Dietro lo scaffale Ogni anno ha i suoi (buoni) propositi. Sulla prima pagina del mio primo taccuino del 2012, scorrendo veloce, leggo: l'Atlantico dall'altra parte dell'Atlantico, ancora illudersi di poter correre una maratona, niente più sottotitoli, il derby di Glasgow con la maglietta di Larsson, una foto con Ismael Urzaiz, una notte – sveglio - su un peschereccio, un suo sorriso che immagino irripetibile...leggere l'intera bibliografia di Jack London. Ora non per Martin Eden e per Il popolo degli abissi già da tempo stellette sul mio scaffale, ma la (singola) sfida sembra partire in discesa. Una discesa insidiosa: in regalo da mia sorella, l'edizione della Newton Compton, apparentemente omnia a farsi ingannare dallo spessore. E così dopo Il richiamo della foresta, Il lupo dei mari e Zanna Bianca, il rigoroso ordine progressivo delle pagine mi riserva Il Tallone di Ferro.
Perché leggerlo London doveva avere mani grosse. Le mani di chi ha dovuto lavorare duro per (soprav)vivere. Non importa se in mare a inseguire foche o nel gelo del Klondike a cercare oro. Almeno fino a che il velluto delle pagine di successo scritte non le hanno guantate, quelle mani si sono sporcate e si sono ingrossate. E le mani, anche a distanza di anni, continuano a ricordarti chi sei e da dove arrivi. London ne Il Tallone di Ferro così si schiera solidale dalla parte di chi i calli li ha da sempre a mappare le proprie tremende fatiche. Disumane, sarebbe meglio dire. London, attraverso l'espediente narrativo del ritrovamento di un manoscritto a firma di una figlia della borghesia convertita alla causa della rivoluzione socialista, non fa altro che porre il proprio sguardo coinvolgente e documentaristico su quel 'popolo degli abissi', quel (sotto)proletariato, realmente sfruttato e violentato solo per arricchire i pochi. Oligarchia e Plutocrazia, non a caso, diventano poi nella finzione il volto bifronte dell'indefinito e dittatoriale antagonista che si espande e che bisogna rovesciare. La trama rimane in superficie, perché a interessar(ti) sono solo i reali e spietati ingranaggi di quel sistema di produzione industriale, sempre più calcolato e lucido, capace di dominare e calpestare brutalmente fisico e dignità di chi ha dimenticato se le proprie mani le usa per lavorare o per sopravvivere solo un giorno in più. E di chi imparerà a usare quelle mani, in un futuro lontano, per creare un nuovo e più giusto ordine, dopo che il sangue degli ultimi avrà scavato e ribollito a sufficienza nei moderni canyon di palazzi e strade.

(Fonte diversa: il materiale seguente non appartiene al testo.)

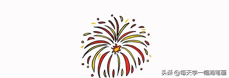 4、最后就是涂色啦,我们给烟花的中心涂黄色和红色,边缘也涂黄色和红色,漂亮的烟花简笔画就完成啦!
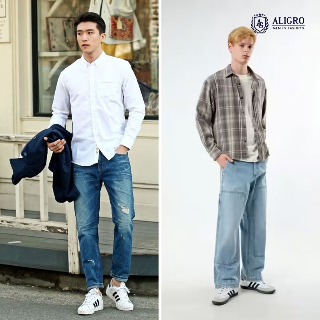 Nếu bạn muốn phong cách thoải mái hơn, quần jeans là lựa chọn rất phù hợp khi phối với áo sơ mi. Sự kết hợp này mang lại vẻ ngoài trẻ trung, năng động nhưng vẫn giữ được sự nam tính.

Perché non leggerlo Quel fuoco capace di ardere e scaldare in tante altre pagine londoniane, qui, non scoppietta. Non riesce veramente a tenere compagnia, ad appassionare, a coinvolgere. I personaggi, non solo i protagonisti Avis ed Ernest, si diluiscono troppo nel didascalico racconto di un racconto. E i momenti di 'didattica', declinati anche con le frequenti note, sono artifici che hanno sì il merito di delineare i contorni della storia, calibrandone l'angolo di osservazione, ma asciugano l'empatia, rendendola troppo stanca e accidentale.
La frase «Uomini, donne e bambini, vestiti di stracci e cenci, oscure intelligenze feroci i cui lineamenti avevano preso le sembianze divine e avevano impresse quelle diaboliche, scimmie e tigri, bestie da soma anemiche, tisiche e pelose, volti esangui da cui la società vampira aveva succhiato la linfa vitale, forme gonfie ingrossate dall'obesità e dalla corruzione fisica, megere avvizzite e teste di morto barbute come patriarchi, gioventù putrefatta e putrefatta vecchiaia, volti di demoni, mostri deformi, ricurvi, sfigurati dalla devastazione della malattia e dagli errori della denutrizione cronica, rifiuto e feccia della vita, un'orda furiosa urlante, stridente, demoniaca».
Déjà lu Il popolo degli abissi, Jack London; 1984, George Orwell; La macchina del tempo, Herbert George Weels; La giungla, Upton Sinclair; Il mondo nuovo, Aldous Huxley.